При Любочке… То есть при Любови Абрамовне Лифшиц, Ваня Лепехин каким-то Божьим чудом, густо замешенном на диком напряжении человеческой воли, все-таки как-то умудрялся избегать своих трех универсальных выражений.
При ней его словарно-разговорный ассортимент слегка расширялся и даже сам по себе складывался во вполне приличные выражения. Хотя и не всегда вразумительные. Однако, к чести Ивана Лепехина, следует заметить, что в каждой его корявой фразе всегда присутствовала некая здравая мысль, в каком бы состоянии Ваня в эту секунду ни находился – в совершенно трезвом или в мертвецки пьяном.
Но такое происходило только в присутствии Любочки. Любови Абрамовны Лифшиц.
Ну, что тут скажешь? «Мать честная!», «б…ь», да и только. Так вот и жизнь прошла «на х…
…Когда отплакались, помянули, пожелали Натану Моисеевичу, чтобы земля ему была пухом, шестидесятипятилетний Ваня Лепехин, как он сам говорил – «вдетый еще со вчерашнего…», впервые в своей жизни произнес длинную и почти связную речь.
– Любушка, подружка моя… – надрывно сказал Лепехин и поднял большую стопку с водкой. – Мать честная… Фирка! Да сядь ты, бля, ради Бога!… Не колготись – всего хватает… Серега, сынок! Налей девочкам…
Ваня с трудом поднялся из-за стола и заботливо поправил кусочек черного хлеба на полной до краев рюмке, стоявшей напротив опустевшего постоянного домашнего места Натана Моисеевича Лифшица.

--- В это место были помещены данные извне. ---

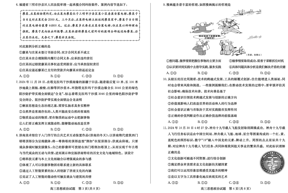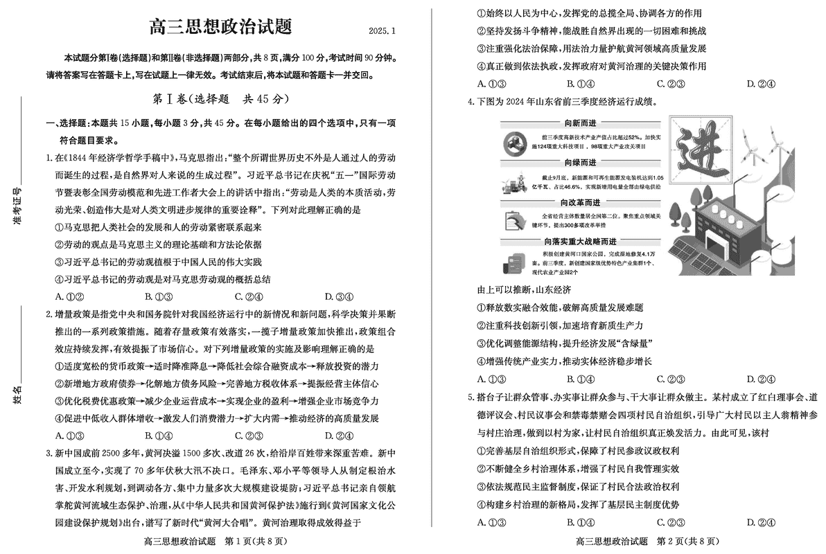 山东德州2025年高三上学期1月期末政治试题及答案

– И ты, Натанка, слушай… – Лепехин скрипнул зубами. – Не прощу!!! Я за их воевал на х… ноженьку свою за их отдал, а они, суки, крестничка моего… ребеночка нашего Толиньку, погребсти дедушку своего любименького – не отпустили!… Что же это за власть такая блядская?! Мать честная… Я на Лешку в обиде… Хоть он и артист. А за Толика-Натанчика, за внученьку нашего… Вот я тут все думал, думал… Дом у меня есть. На черный день покупал. Хороший дом – двенадцать соток при ем. Полста километров от города по Всеволожской – не боле… Чего я решил?… Толянчику нашему дом этот! Завтра и отпишу. Потому как…
Натан! Натанка, друг мой сердешный… Ты там без меня особо-то не тоскуй… Не кручинься. Я к тебе скоренько прибуду. Немного тебе ждать-то меня осталось… Вот на Толика дом оформлю и… привет, Натан Моисеевич! Это я – Ваня Лепехин, кореш твой старый преставился!… Наливай, Натан, чего смотришь, бля? Встречай гостя, мать честная…
Как Ваня Лепехин сказал – так и сделал.
Спустя некоторое волокитное время тринадцатилетний заключенный воспитательной колонии усиленного режима № 7 (а в эти дни Толику-Натанчику как раз тринадцать лет и исполнилось…), «осужденный» по статье 108 части 2, Самошников Анатолий Сергеевич, ни о чем не ведая, официально вступил в права владения жилым домом общей площадью в 134, 2 квадратных метра, а также прилегающим к нему земельным усадебным участком в 12 соток непахотной земли, не состоящей на земельном балансе у сельского Совета деревни Виша, а являющейся собственностью владельца прилегающего к участку дома – гражданина Самошникова Анатолия Сергеевича.
Копии «договора дарения» с уже оплаченными (квитанции прилагаются) нотариальными налоговыми сборами, предусмотренными статьями 239 и 256 Гражданского кодекса РСФСР, зарегистрированы в исполнительном комитете сельского Совета депутатов трудящихся…
– Ваня лет пятнадцать тому назад как-то один раз возил нас туда с папой, – сказала Любовь Абрамовна Фирочке и Сереге. – Мы еще Лешеньку тогда с собой брали. Он, кажется, в четвертом классе учился… Убей бог, ничего не помню!… Только какую-то кошмарную вымершую деревеньку между Куйвозе и Вартемяги, старух пьяных помню… И туалет такой будочкой во дворе. А в двери туалета – сердечко насквозь прорезано…
Месяц спустя между Сергеем Самошниковым и старым Ваней Лепехиным произошел странный, полумистический телефонный разговор.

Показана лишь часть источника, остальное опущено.